[EXERCISE OBJECTIVE]: The lines to extract run from the start of the records through the line with "- Размер чаши (ДхШхВ): 360 х 535 х 180 мм", both ends included; drop the pictures.

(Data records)
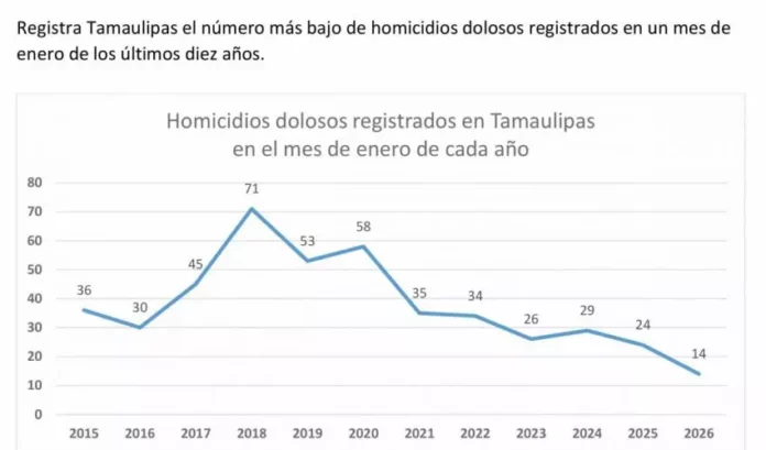 Ciudad Victoria, Tamaulipas. – En Tamaulipas se registraron 14 homicidios dolosos en enero de 2026, siendo la cifra más baja para este mes en los últimos diez años, además de representar una disminución anual del 46.2 por ciento en el promedio diario de este delito, respecto a enero de 2025, destacando como una de las entidades con mejores indicadores a nivel nacional, como resultado de la estrategia de seguridad desde el inicio del gobierno de Américo Villarreal.
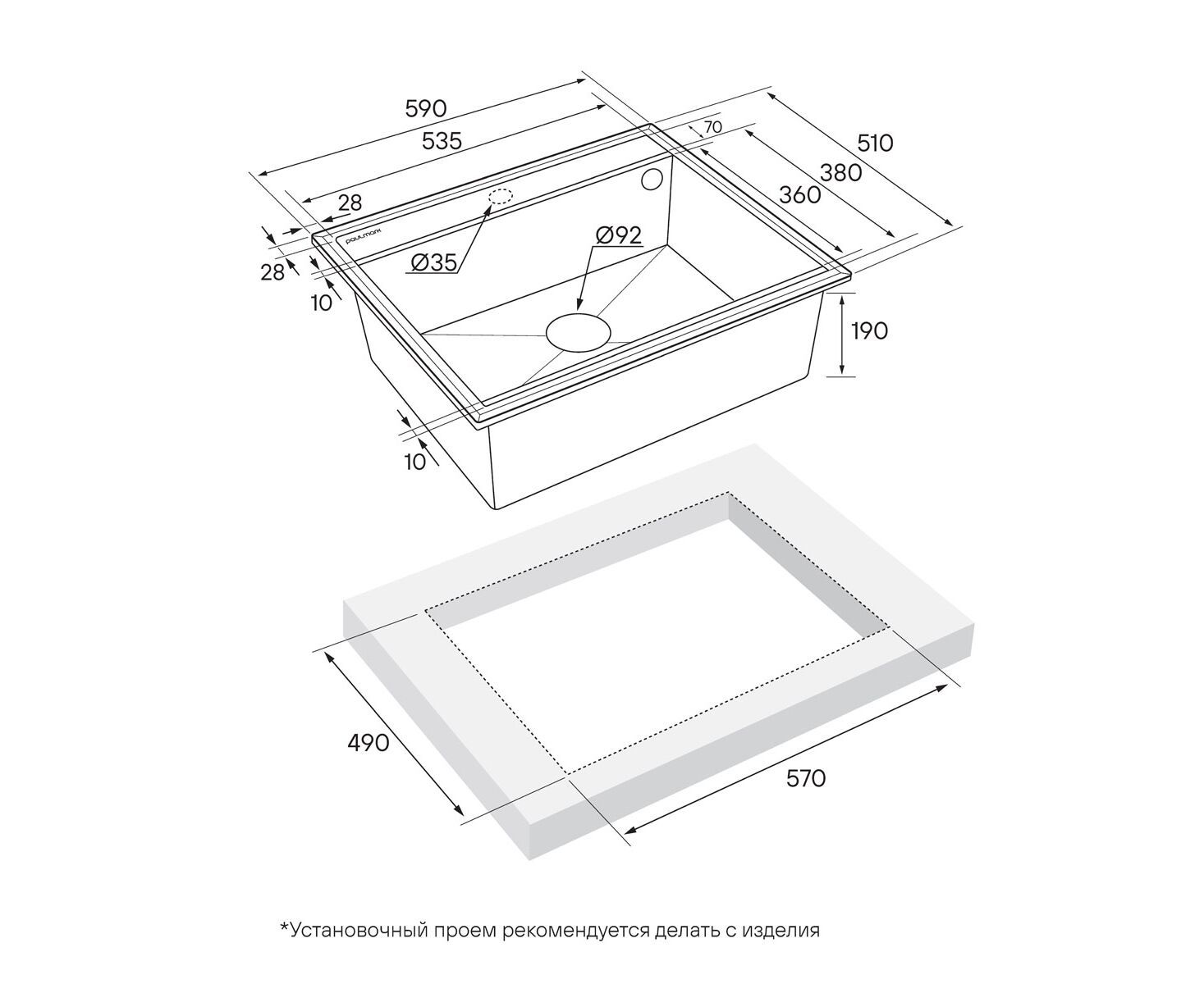 - Размер чаши (ДхШхВ): 360 х 535 х 180 мм
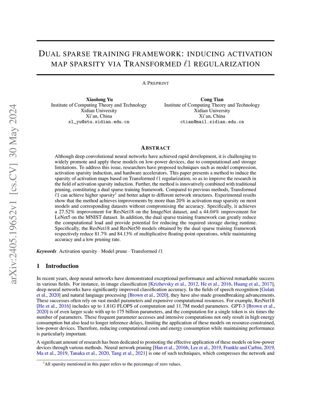 Dual sparse training framework: inducing activation map sparsity via
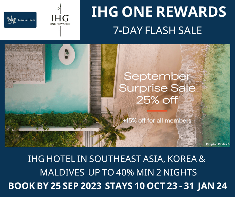 The ‘SEPTEMBER FLASH SALE’ promotional rate (the “Promotion”) is valid only for selected bookings made from 19 to 25 September 2023 (both dates inclusive) (“Booking Dates”) for stays at participating IHG branded hotels between 10 October 2023 to 31 January 2024 (both dates inclusive) (“Stay Dates”) using the ‘SEPTEMBER FLASH SALE’ rate during the Booking Dates.
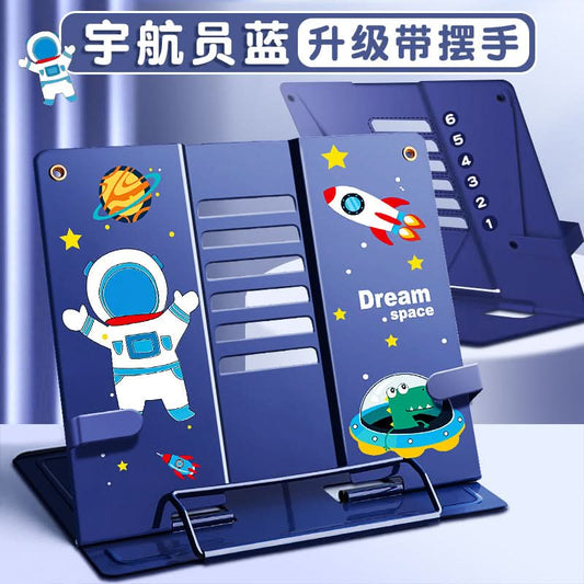 Adjustable Desktop Book Stand for Kids – 6-Gear Reading Rack with Book Clips - Blue

[RESPONSE BOX]:
 Ciudad Victoria, Tamaulipas. – En Tamaulipas se registraron 14 homicidios dolosos en enero de 2026, siendo la cifra más baja para este mes en los últimos diez años, además de representar una disminución anual del 46.2 por ciento en el promedio diario de este delito, respecto a enero de 2025, destacando como una de las entidades con mejores indicadores a nivel nacional, como resultado de la estrategia de seguridad desde el inicio del gobierno de Américo Villarreal.
 - Размер чаши (ДхШхВ): 360 х 535 х 180 мм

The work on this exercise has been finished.